The specific question my project seeks to address is this: Did the use of leaded gasoline in the mid-20th century result in a significant increase in the level of lead in the groundwater in Salt Lake City?

It’s worth noting that the water here is already rich in minerals--it’s very hard water. All groundwater, especially here, has at least some lead in it anyway. It’s also true that mining in the late 19th and early 20th centuries resulted in increased levels of lead entering the local water system. The strategy, then, is to analyze wood samples from the tree from different time periods and see if there is a rise in the lead concentration that coincides with the use of lead additives in gasoline--and if so, how much.

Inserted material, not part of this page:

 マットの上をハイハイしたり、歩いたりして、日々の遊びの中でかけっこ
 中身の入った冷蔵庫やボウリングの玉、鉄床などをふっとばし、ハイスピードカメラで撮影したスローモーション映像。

This project was actually started by another researcher who used microwave digestion to process a small number of wood samples. What is microwave digestion? Well, you take a small sample (half a gram or less) and add it to a mixture of concentrated nitric acid and concentrated hydrogen peroxide. (The hydrogen peroxide used in this process is ten times as strong as what you buy at the drugstore.) Place this sample in a plastic container that releases gases at very high pressure, and cook it in an industrial-strength microwave oven for half an hour or so. This process converts all the organic matter--proteins, cellulose, etc.--into water and carbon dioxide. What remains is a solution with the minerals (like lead) dissolved in it.

Samples of this solution are then analyzed for the element in question. The lab I’m working in uses an instrument called an inductively-coupled plasma mass spectrometer (ICP-MS). It’s a big, complex, $400,000 instrument, but here’s the quick oversimplified version: The sample is injected into a stream of argon gas that travels through an ionized plasma at around 4000°C. This knocks an electron off an atom of the sample, giving it a charge. It then travels through an electromagnetic field that bends its path; only atoms with the right mass:charge ratio can get through. The particles that get through are then counted by a detector of some kind. This instrument can separate the particles we care about--lead atoms, in this case--from everything else in very, very small quantities.

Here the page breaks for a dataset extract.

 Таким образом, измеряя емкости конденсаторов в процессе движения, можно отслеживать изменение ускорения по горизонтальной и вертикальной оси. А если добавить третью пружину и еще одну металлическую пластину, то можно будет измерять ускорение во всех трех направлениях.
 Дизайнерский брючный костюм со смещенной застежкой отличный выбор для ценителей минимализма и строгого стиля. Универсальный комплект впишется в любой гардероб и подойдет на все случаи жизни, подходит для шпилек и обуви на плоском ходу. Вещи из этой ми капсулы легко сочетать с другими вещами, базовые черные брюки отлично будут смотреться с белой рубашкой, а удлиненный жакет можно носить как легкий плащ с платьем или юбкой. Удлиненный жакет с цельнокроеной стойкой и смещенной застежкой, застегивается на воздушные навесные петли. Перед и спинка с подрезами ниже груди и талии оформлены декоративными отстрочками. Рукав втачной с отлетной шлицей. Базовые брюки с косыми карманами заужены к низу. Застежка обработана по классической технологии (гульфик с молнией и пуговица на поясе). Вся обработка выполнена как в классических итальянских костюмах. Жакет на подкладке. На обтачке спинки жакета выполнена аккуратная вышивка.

How small? Well, you know what the word ‘percent’ means, right? It means one in a hundred--parts per hundred, you might say. One in a thousand, by the same reasoning, would be called parts per thousand. With this instrument, we routinely measure parts per trillion.

How much is one part per trillion? Consider an Olympic-size swimming pool. It holds approximately a million liters of water, with a mass of a million kilograms or a billion grams. How much is a gram? It’s about the mass of a paper clip. One paper clip in an Olympic swimming pool is one part per billion. So, what is one part per trillion? It’s one paper clip in a thousand Olympic swimming pools.

Yeah, the ICP-MS is that sensitive. That’s why we use it for this kind of research. Unfortunately, that’s also part of the problem.